Johnny Green
Is he a herb?
Is he a plant?
No, he’s Johnny Green.
Mild-mannered JohnnyNYC by day.
Caped cannabis crusader by late afternoon.
The stoner we deserve.
Fake reefer news is his kryptonite.
Literally high flying.
You get the picture.
Johnny writes:
The science has been well settled, proved, tested, tested again, debated, argued, calculated, counted, and taxes returned.
There can be no more sneering at its potential, nor can the inevitable need for proper and honest legislation for Irish Weed be ignored.
Last week Solidarity People Before Profit’s Gino Kenny reintroduced medical cannabis into your news cycle, that was conveniently spun off by a dismissively immature response from your Taoiseach Leo Varadkar.
So, the first question for Broadsheet readers to ponder on, was this the outcome of bad manners, or was it a deliberate strategic ploy
Slightly more than two years ago, Simon Harris, The Irish Health Minister announced that Ireland would create a medical cannabis programme for its patients who couldn’t be helped by the existing conventional treatment for their health conditions.
From April this year: The Irish Government revealed that it has finally identified and issued an import license to a Danish medical cannabis firm.The license was reportedly issued back in January.
My other questions for Broadsheet readers are;
Why was this initiative not launched into the public domain as aggressively as “Welfare Cheaters Cheat Us All”?
Why has the Media not opened it up and spread it out like a cheap carpet at a street market?
Why is Simon Harris not sharing the details of the license granted?
And why are all these discussions and inspections internal to his department?
While in my honest opinion I do not believe there to be any smoking gun here, certainly not the arsenal around a Rural Broadband Tender, but I am compelled again to ask: why the secrecy?
This column is not intended to promote one market over another, recreational over medicinal, but until it is widely prescribed and the cost of the alternatives, including the provision of front-line services are factored in, deciding on a valid and genuine figure could be reckless.
Obviously, we can only estimate the potential size of the Irish cannabis market; however, I work with cannabis growers and retailers in newly legalised markets, therefore I stand over my expertise and qualification to have some reasonableness to the following valuation.
Just this week a confirmed intake of one billion since the introduction of the legislation that legalised cannabis in Colorado (with a population of 5.5 million it provides a viable benchmark on this occasion.)
One billion in Revenue in its first five years. That is One Billion in a new, just out of the ground industry.
It is not inconceivable to any rational mind that domestic output and earnings in Ireland could match a similar value, with tourism activity alongside exporting to the EU; a market not available to the growers in Colorado, all on your own, and without the need for National Children’s Hospital level spend and timeline.

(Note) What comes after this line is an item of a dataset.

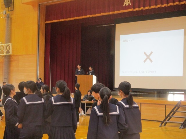 クイズ大会では、●×形式の問題を20問近く準備していましたが、4問目で全員が不正解となり、参加者がいなくなるという予想外の展開になりました。しかし、敗者復活制を取り入れるなど、運営を担当した生徒たちが工夫を凝らし、最後まで楽しくクイズ大会を進行してくれました。

For the pedants circling this column, let me recreate a value per head to match the given example of Colorado’s experience.
$1,000,000,000 / 5,500,000 = 181.82 per person.

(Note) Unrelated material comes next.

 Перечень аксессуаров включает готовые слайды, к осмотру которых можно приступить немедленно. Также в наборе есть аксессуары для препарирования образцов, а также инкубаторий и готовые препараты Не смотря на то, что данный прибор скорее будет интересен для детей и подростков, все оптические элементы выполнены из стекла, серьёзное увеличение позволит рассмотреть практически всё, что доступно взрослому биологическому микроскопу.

Yesterday’s count in the Republic of Ireland is 4,845,530 and yesterday’s US$ closing price .8899
4,845,530 x (.8899* 181.82) 161.80 = 784,006,754.00.
Or as Vanessa Foran might say 784 million yoyos.
Ireland already has it all to grow on a large industrial scale and export a simple Seed-to-Sale cannabis industry, like what the Irish Dairy Farmers achieved with “Kerrygold.”
All you are missing is the political will and vision, and the transparency that needs be demanded for what is comfortably a three quarters of billion euro industry, and an industry that can generate income within months of legalisation and with little investment, start-up costs, or the need for tax exemptions and grants; or those pesky KPMG reports.
It is for these reasons that I am being deliberately provocative about Simon Harris’ shyness with the licence granted to a Danish entity.
Irish Cannabis is a potential clean energy multi-million revenue industry, on its own, and at all levels of market participation.
Nor are the additional benefits of the mentioned medical treatment and prescription savings that the Irish State has proved again and again it is not capable of controlling, or fit to manage, to be underestimated and taken lightly.
Yet Simon Harris is given the charge of signing away Ireland’s chance of growing its own cannabis, selling its own produce, providing employment, extracting employment taxes, along with an Agri sector desperate for alternatives to beef and dairy farming.
This licence, even though the ink is dried, must be opened up to the public, and at the very least examined and questioned without restrictions by the Public Accounts Committee.